The Stacks Satoshi upgrade is a hard fork of the Stacks Bitcoin layer that aims to unlock the full potential of Bitcoin by improving block creation speed, Maximum Extractable Value (MEV) vulnerability, and transaction finality for Stacks.

- Faster block times: The Nakamoto upgrade decouples Stacks block production from Bitcoin block arrival times, allowing Stacks blocks to now be produced every 5 seconds.

- Finality: The Stacks network anchors its chain history to the Bitcoin chain history to ensure that transactions are irreversible. In addition, Stackers monitor miner behavior on the network and ultimately decide whether to include a block in the chain.

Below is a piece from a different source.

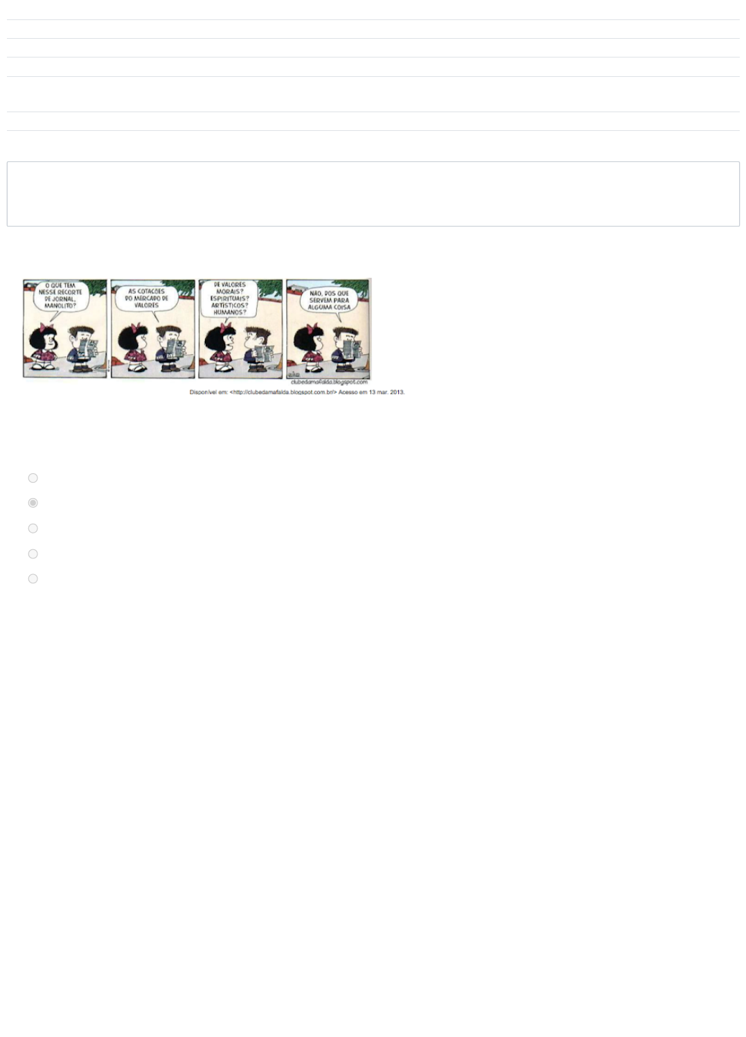 07/04/2023, 22:28 Simulados das avaliações: Revisão da tentativa https://virtual.uninta.edu.br/mod/quiz/review.php?attempt=4229865&cmid=1090279 1/20 Iniciado em sexta-feira, 7 abr. 2023, 18:44 Estado Finalizada Concluída em sexta-feira, 7 abr. 2023, 22:28 Tempo empregado 3 horas 43 minutos Notas 18,00/20,00 Avaliar 9,00 de um máximo de 10,00(90%) Questão 1 Correto Atingiu 1,00 de 1,00 Observe a tira: Tendo em vista a ideia da definição de valores morais, a fala do Manolito retrata: Escolha uma opção: A. Uma valiosa interpretação do que de fato tem valor; B. Uma nova significação de valores; C. Um cenário de vivência ético; D. Um cenário de crescimento reflexivo e moral; E. Uma transformação positiva da sociedade; Sua resposta está correta. Questão 12 - Ap1.1 ética A resposta correta é: Uma nova significação de valores; 07/04/2023, 22:28 Simulados das avaliações: Revisão da tentativa https://virtual.uninta.edu.br/mod/quiz/review.php?attempt=4229865&cmid=1090279 2/20 Questão 2 Correto Atingiu 1,00 de 1,00 Enfim, se quisesses atribuir o pecado ao Criador, desculparias o pecador, que nada teria cumprido fora dos desígnios de seu Criador. E então, poderias desculpá-lo com justiça, pois não haveria pecado algum. Logo, se não houver pecado, nada mais existe que possas atribuir à responsabilidade do Criador (AGOSTINHO, 1995, p.203). Com base no texto acima, avalie as asserções a seguir e a relação proposta entre elas. I___ O homem não é responsável pelo mal, pois o mal já estava determinado e sua ação que resulta no pecado é algo e o cumprimento do querer divino. II___ Deus em sua onisciência já saberia de toda ação humana e suas escolhas, logo o mal estaria voltado somente para Deus que permitiu a criação. Acerca das asserções, assinale a opção correta. Escolha uma opção: A. As asserções I e II são proposições verdadeiras, mas a II não é uma justificativa correta da I. B. A asserção I é uma proposição falsa, e a II é uma proposição verdadeira. C. A asserção I é uma proposição verdadeira, e a II é uma proposição falsa. D. As asserções I e II são proposições falsas. E. As asserções I e II são proposições verdadeiras, e a II é uma justificativa correta da I. Sua resposta está correta. Questão 5 - Ap1.2 - ética A resposta correta é: As asserções I e II são proposições falsas. 07/04/2023, 22:28 Simulados das avaliações: Revisão da tentativa https://virtual.uninta.edu.br/mod/quiz/review.php?attempt=4229865&cmid=1090279 3/20 Questão 3 Correto Atingiu 1,00 de 1,00 Observe a seguinte imagem: Observando a imagem acima, podemos perceber como as ações podem ser determinadas por uma dimensão reflexiva ou não. Dentro da proposta ética, é comum ao agir separar-se da multidão e de sua influência visando estabelecer uma escolha em consonância ao seu pensamento. O processo de autonomia, em muitas ocasiões exige essa separação. Assim sendo, podemos compreender que: Escolha uma opção: A. A ética busca a efetivação da subjetividade em função do desenvolvimento de sua racionalidade, por esta forma, a ação busca uma autonomia. B. A ética é uma imposição de valores sobre a ação correta, pois o sujeito ético atribui o sentido correto das ações para determinar a ação ao outro. C. A ética é uma ação individualista que visa o desenvolvimento da autonomia do indivíduo, mas resulta numa dimensão egoísta. D. A ética é uma reflexão sobre as opiniões de forma geral visando somente desconstruí-las. E. A ética busca o isolamento dos indivíduos, pois assim estes se tornam mais justos. Sua resposta está correta. Questão 3 - Ap1.1 ética A resposta correta é: A ética busca a efetivação da subjetividade em função do desenvolvimento de sua racionalidade, por esta forma, a ação busca uma autonomia. 07/04/2023, 22:28 Simulados das avaliações: Revisão da tentativa https://virtual.uninta.edu.br/mod/quiz/review.php?attempt=4229865&cmid=1090279 4/20 Questão 4 Incorreto Atingiu 0,00 de 1,00 A ideia de indivíduos acorrentados no fundo de uma caverna desde a sua infância apenas contemplando as sombras tomando-as como verdade revela um estado de ignorância. Para reverter este estado, era necessário se livrar desta condição e entender que a verdade se situa fora desta caverna. A caverna é nossa realidade e para chegarmos a uma verdade mais concisa deve-se libertar das aparências. Dentro da discussão política, alcançar esta condição significa. 1. Conhecer as ideias suprassensíveis, mas descartar as ideias materiais; 2. Conhecer somente as ideias materiais; 3. Conhecer somente as ideias suprassensíveis 4. Conhecer as ideias suprassensíveis em função das sensíveis; 5. Conhecer as ideias suprassensíveis para alcançar o bem maior. ASSINALE a alternativa CORRETA. Escolha uma opção: A. As afirmativas 1, 2, 3, 4 e 5 são verdadeiras. B. Somente as afirmativas 2 e 5 são verdadeiras. C. Somente as afirmativas 1, 2 e 3 são verdadeiras. D. Somente as afirmativas 1 e 3 são verdadeiras. E. Somente as afirmativas 4 e 5 são verdadeiras. Sua resposta está incorreta. Questão 4 - Ap1.2 - ética A resposta correta é: Somente as afirmativas 4 e 5 são verdadeiras. 07/04/2023, 22:28 Simulados das avaliações: Revisão da tentativa https://virtual.uninta.edu.br/mod/quiz/review.php?attempt=4229865&cmid=1090279 5/20 Questão 5 Correto Atingiu 1,00 de 1,00 A visão de mundo orgânica, "ecológica", das filosofias orientais é sem dúvida alguma, uma das principais razões para a imensa popularidade que adquiriram em nossos dias, no Ocidente, especialmente entre os jovens. Em nossa cultura ocidental, ainda denominada pela visão mecanicista e fragmentada do mundo, um crescente número de indivíduos começa a perceber do fato de que essa visão constitui a razão subjacente da ampla insatisfação reinante na sociedade. (CAPRA, 1983, p. 27). Considerando o texto apresentado ac

- MEV Protection: Upgrades ensure fair distribution of rewards and avoid Maximum Extractable Value (MEV) manipulation. MEV refers to the profit gained by reordering transactions that have not yet been confirmed.

With the update, Stacks will become a more efficient and scalable layer for DeFi and Web3 on Bitcoin.

How the Satoshi Upgrade Paved the Way for sBTC

The Satoshi upgrade introduced features to Stacks that cleared the way for the launch of sBTC by allowing trustless transfers of BTC from Bitcoin to sBTC on Stacks through a peg/peg mechanism managed by a group of decentralized participants, the sBTC signers.

sBTC signers are stackers who lock the BTC sent to them by users in a multi-signature wallet and then mint sBTC on Stacks and send it to users.

The Nakamoto upgrade also increases transaction speeds on the Stacks network, reducing settlement times from minutes to seconds. This makes sBTC deployment in DeFi protocols on Stacks faster and more efficient.

In addition, this upgrade introduces an improved PoX consensus model that ties Stack’s history to Bitcoin’s history, so that in every new Bitcoin block, the state of the Stack network is also recorded, making it impossible to change the network’s history without changing Bitcoin’s history.

Additionally, stackers can monitor miners’ behavior and decide whether to add blocks to the chain, thereby enhancing the security of the Stacks network.

By providing a fast and more versatile infrastructure, the Nakamoto upgrade gives sBTC everything it needs to power DeFi and Web3 on top of the popular Bitcoin layer.

What’s next for sBTC?

The introduction of sBTC will emphasize that Bitcoin is more than just a store of value. sBTC is built as a decentralized and secure digital asset that will expand the functionality of BTC.

In addition to launching on Stacks, sBTC will also be available on Aptos Network and Solana to further enhance Bitcoin’s role in the growing cross-chain DeFi ecosystem.

With sBTC, builders can realize the full potential of Bitcoin as a fully programmable asset, paving the way for the creation of Bitcoin-backed DeFi, non-fungible tokens (NFTs), and more.